Ally McCoist insists he's been blown away by how quickly Alistair Johnston got on board with the "paranoia club" at Celtic as he got his "violin" out to wind up Chris Sutton.
The Parkhead club have been left reeling by John Beaton and VAR Willie Collum's decision not to award them a penalty for handball in last week's 2-2 draw with Rangers. Record Sport understands they want an SFA explanation over the implementation of the technology while Ange Postecoglou also slammed the "inconsistency" that he believes has been on show across the board.
Right-back Johnston, who made his debut in the derby clash that ultimately kept Celtic nine points clear, said the decision "didn't feel right" and ultimately "screwed" his team. And McCoist, speaking on BT Sport's Scottish Football Extra, didn't take long to tear into the Canadian. He said: "I've got to say, in terms of that new signing Johnston, that is the quickest attack of paranoia I've ever seen from a sportsman in modern life. Honest to God.
"He's in the door two minutes, I'm not even sure he's done the toilet in the place yet, and he's complaining about referees and VAR. I nearly fell off my seat. Brilliant wee man, why don't you join the paranoia club?"
He wasn't stopping there either as he sarcastically rhymed off a list of organisations who have an "agenda" against Celtic. he jokingly said: "I'll tell you something else, I think there is. Everybody's got something against Celtic. Whether it's Rangers, the SFA, he Scottish government, the British government, MI5!

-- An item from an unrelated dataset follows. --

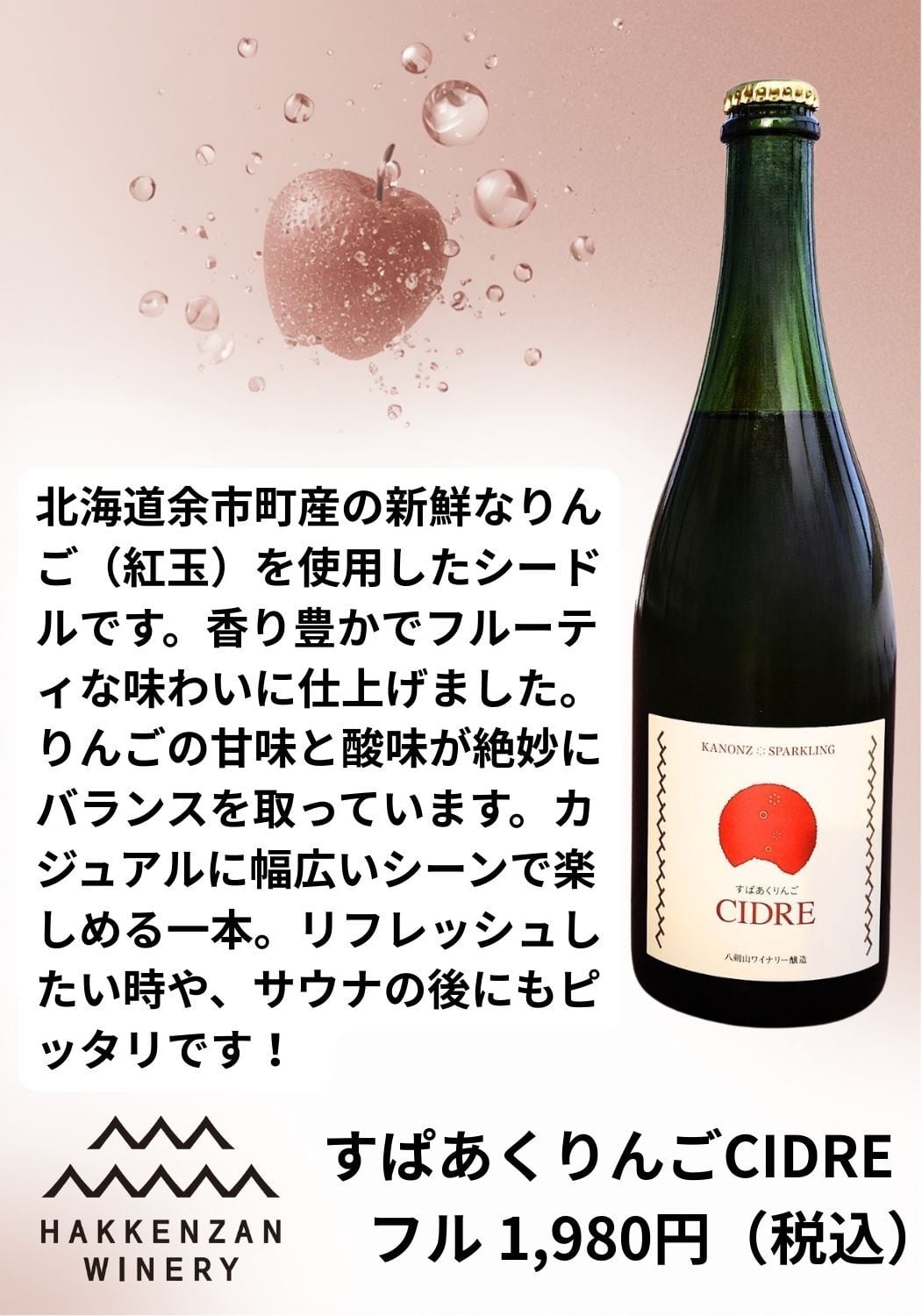 コメント:北海道余市町産の新鮮なりんごを使用したスパークリングシードルです。自然な発酵を大切にし、香り豊かでフルーティな味わいに仕上げました。りんごの甘味と酸味が絶妙にバランスを取っています。ピクニックやホームパーティーなど、カジュアルに幅広いシーンで楽しめる一本です。爽やかな飲み口で、リフレッシュしたい時や、サウナの後にもピッタリです!

"Remember that Cup Final (against Celtic in 2019) where the big centre-half (Jullien) was three yards offside? I think they scored another one where he was two yards offside that should have been given! There's definitely a conspiracy against Celtic, no doubt about it. Throw your toys out the pram! Unbelievable!"
Fellow pundit Chris Sutton then chimed in with the counterpoint that Scottish football should be employing foreign officials because "Rangers only concede penalties in Europe." And a grinning McCoist then got his "violin" out to wind his counterpart up.